Et toi, Ver-perche, ignoré de tous, et vous, les millions d’êtres, qui avez disparu sous terre, affamés… l’Histoire ne parlera pas de vous. Écrit-on votre Histoire ? L’histoire ne tient aucun compte des terrains vagues, des berges des rivières désertes, des fosses à ordures, des taudis, des fillettes russes qui troquent contre des pommes de terre leurs corps d’enfants ; elle n’a cure des vétilles. Elle est occupée de trop grandes choses et de trop grands exploits pour prendre son vol sur ces vétilles !… Elle inscrira ceux qui communiquent par radio avec l’univers, ceux qui passent des revues sur les places, ceux qu’on invite aux congrès et qui portent les fracs décents d’un tailleur de Londres ; elle ne parlera pas de toi, Ver-perche ; elle parlera de ceux qui, en votre nom, gens perdus, décident du sort de votre descendance sacrifiée. Mille plumes notent en criant ce qui est agréable à leurs oreilles ; mille plumes vendues et menteuses étouffent le bruit de vos gémissements bègues. Les illustres roulent dans des autos silencieuses et volent dans des navires aériens. Mille maîtres multiplient sur des transparents le tableau de leurs décès. Mille plumes, menteuses et esclaves, grincent, exaltant la louange du grand homme. Au pied de leur char funèbre, des esclaves porteront mille couronnes rouges. Des millions de déguenillés arrachés à leur labeur, chanteront « leur amour désintéressé pour le peuple ». Les trompettes corneront triomphalement, et la flatterie des drapeaux rouges vous bouchera les yeux. Vous croirez enterrer votre chef !

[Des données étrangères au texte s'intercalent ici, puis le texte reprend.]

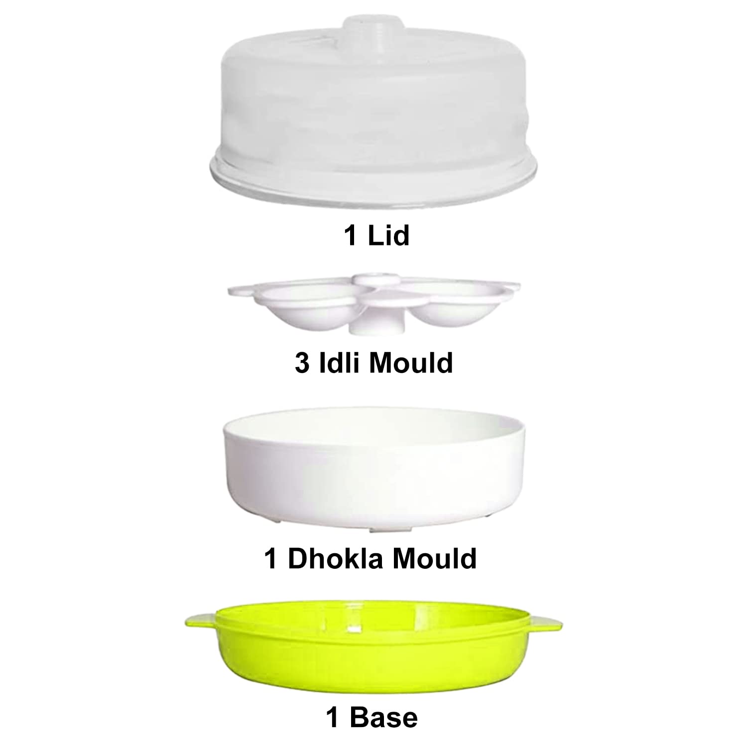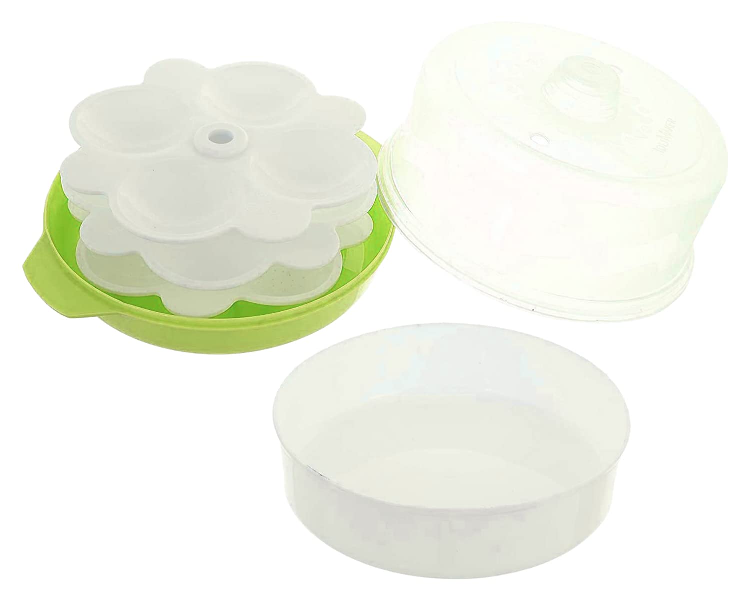 Heart Home allowing you to cook, steam, strain, reheat and serve all in one. You can cook: ldlis in idli trays. Dhokla, rice, soups, cakes, muffins and instant noodles in the container. Steam: Vegetables in the strainer. Strain: Vegetables, fruits, noodles, pasta in the strainer Reheat: Precooked food or ready to eat packaged food. This idli maker is made of high quality BPA free virgin plastic which does not leach any chemicals into your food. The virgin plastic cooking range is fit to be put in a microwave. It saves you a lot of time and hassles in the kitchen. It has come with 1 microwave idli maker and 3 idli trays and 1 dhokla tray. 3 idli tray which can cook 12 idlis, each idli slot has been made equally allowing for the perfect Idli Size. Whether it's large idlis, or our mini idli, both are made to perfection. These idli maker are easy to clean, you can wash them with soap, it also dishwasher safe.Detailed Specifications:

Dors en paix, imbécile Koulèche ! Tu n’es pas le seul que des grands mots, mensongers et flatteurs, ont trompé ! Des millions de gens l’ont été, et des millions le seront encore…

D’ailleurs, tu n’es pas sot, Koulèche ! Au bord de la fosse, toi aussi, tu as compris !… On ne venait plus te chercher à cheval ; on ne t’offrait plus de porto… Mais tu continuais à espérer au moins du pain.

Des orateurs habiles te criaient :

– Nous gaverons de pain les travailleurs ! Le pouvoir soviétique a construit des iéroplanes lectriques… dont chacun peut transporter cinq mille pouds ! Nous gaverons toute la Crimée…

On te ferma les yeux – sur le sang. On te rabattit fortement les oreilles… Et tu braillais gaiement comme un gamin :

– Ah ! c’est les nôtres ! notre pouvoir personnel !…

Des semaines, des mois passèrent… les aéroplanes ne vinrent pas… Les commissaires pourchassaient tes filles ; il n’y avait pas de pain ! Ils criaient aux mères :

– Et puis, quoi ? les enfants sont à vous !… Eh bien, jetez-les à la mer !…

– Koulèche, te demandais-je, eh bien, et vos… aéroplanes ?

Tu découvrais tes dents affamées, tes gencives bleuies ; tu pinçais comme un fil tes lèvres pâlies, et tu trouvais le mot, approprié à la circonstance :

– Ils ont peur de descendre… Les montagnes… et puis la mer… Ils craignent des catastrophes !

Et ton visage était anxieux.

Non, Koulèche, tu n’es pas bête… tu es un simple.